Note: Such LoRA model IDs follow the format
{base_model_id}:{suffix}:{id}
Step 2(b) - Serving the full-parameter fine-tuned model
Once the fine-tuning job is complete, you can view the stored full-parameter fine-tuned checkpoint at the very end of the job logs. Here is an example fine-tuning job output:
Best checkpoint is stored in:
{ANYSCALE_ARTIFACT_STORAGE}/username/llmforge-finetuning/meta-llama/Llama-2-70b-hf/TorchTrainer_2024-01-25_18-07-48/TorchTrainer_b3de9_00000_0_2024-01-25_18-07-48/checkpoint_000000
Follow the Learn how to bring your own models section under the llm serving template to serve this fine-tuned model with the specified storage uri.
Cookbooks
After you are with the above, you can find recipies that extend the functionality of this template under the cookbooks folder:
- Bring your own data: Everything you need to know about using custom datasets for fine-tuning.
- Continue fine-tuning from a previous checkpoint: A detailed guide on how you can use a previous checkpoint for another round of fine-tuning.
- LoRA vs. full-parameter training: Learn the differences between LoRA and full-parameter training and how to configure both.
- Modifying hyperparameters: A brief guide on customization of your fine-tuning job.
- Optimizing Cost and Performance for Finetuning: A detailed guide on default performance-related parameters and how you can optimize throughput for training on your own data.
- Run finetuning as Anyscale Job: A detailed guide on how to submit a finetuning workflow as a job (outside the context of workspaces.)
End-to-end Examples
Here is a list of end-to-end examples that involve more steps such as data preprocessing, evaluation, etc but with a main focus on improving model quality via fine-tuning.
LLMForge Versions
Here is a list of LLMForge image versions:
version | image_uri |
---|---|
0.5.0.1 | localhost:5555/anyscale/llm-forge:0.5.0.1-ngmM6BdcEdhWo0nvedP7janPLKS9Cdz2 |
FAQs
Where can I view the bucket where my LoRA weights are stored?
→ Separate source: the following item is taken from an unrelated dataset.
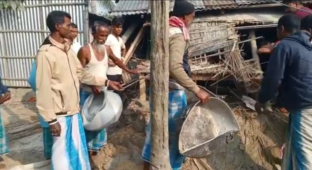 ✍️হাতীৰ জাকটোৱে উপদ্ৰৱ চলাই বিধৱা মহিলাগৰাকীৰ ঘৰৰ ভৰালৰ ধান, চাউল খাই তহিলং কৰাৰ লগতে ভাঙি লণ্ড ভণ্ড কৰে কাহি বাটিকে ধৰি ৰন্ধা বঢ়াৰ সামগ্ৰী সমূহ।
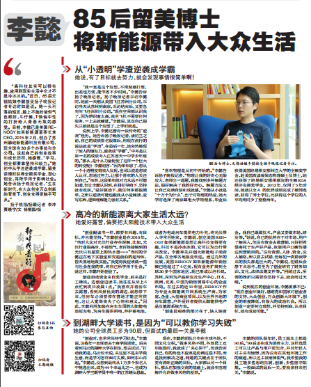 “高科技其实可以很有趣,应用到现实生活中它才不是冷冰冰的。”近日, 85后无锡姑娘李懿接受扬子晚报记者专访时如是说。她一头利落的短发,脸上不施粉黛但气色颇好,牛仔裤、T恤偏中性的打扮给人青春无敌的感觉。目前,李懿已是美国RENOGY如果新能源董事长兼CEO,2015年2月,创办了苏州融硅新能源科技有限公司,现全球有30多个办事处和分公司。说起自己的创业故事和成长历程,她感慨,“学习、创业都要靠坚持和毅力。”她初中从学渣逆袭成学霸,留美读博时获得全额奖学金,潜心创业,将所学用于影响社会。她告诉扬子晚报记者,“生在新时代,在大众创业万众创新的背景下,创业变得更触手可及。”

All the LoRA weights are stored under the URI ${ANYSCALE_ARTIFACT_STORAGE}/lora_fine_tuning
where ANYSCALE_ARTIFACT_STORAGE
is an environmental variable in your workspace.
What's the full list of supported models?
This is a growing list but it includes the following models:
- meta-llama/Meta-Llama-3-8B
- meta-llama/Meta-Llama-3-8B-Instruct
- meta-llama/Meta-Llama-3-70B
- meta-llama/Meta-Llama-3-70B-Instruct
- meta-llama/Llama-2-7b-hf
- meta-llama/Llama-2-7b-chat-hf
- meta-llama/Llama-2-13b-hf
- meta-llama/Llama-2-13b-chat-hf
- meta-llama/Llama-2-70b-hf
- meta-llama/Llama-2-70b-chat-hf
- codellama/CodeLlama-34b-Instruct-hf
- mistralai/Mistral-7B-Instruct-v0.1
- mistralai/Mixtral-8x7B-Instruct-v0.1
In general, any model that is compatible with the architecture of these models can be fine-tuned using the same configs as the base models.
NOTE: currently mixture of expert models (such as mistralai/Mixtral-8x7B)
only support LoRA fine-tuning
What's with the main
file that is created during fine-tuning?
It's an artifact of our fine-tuning libraries. Please ignore it.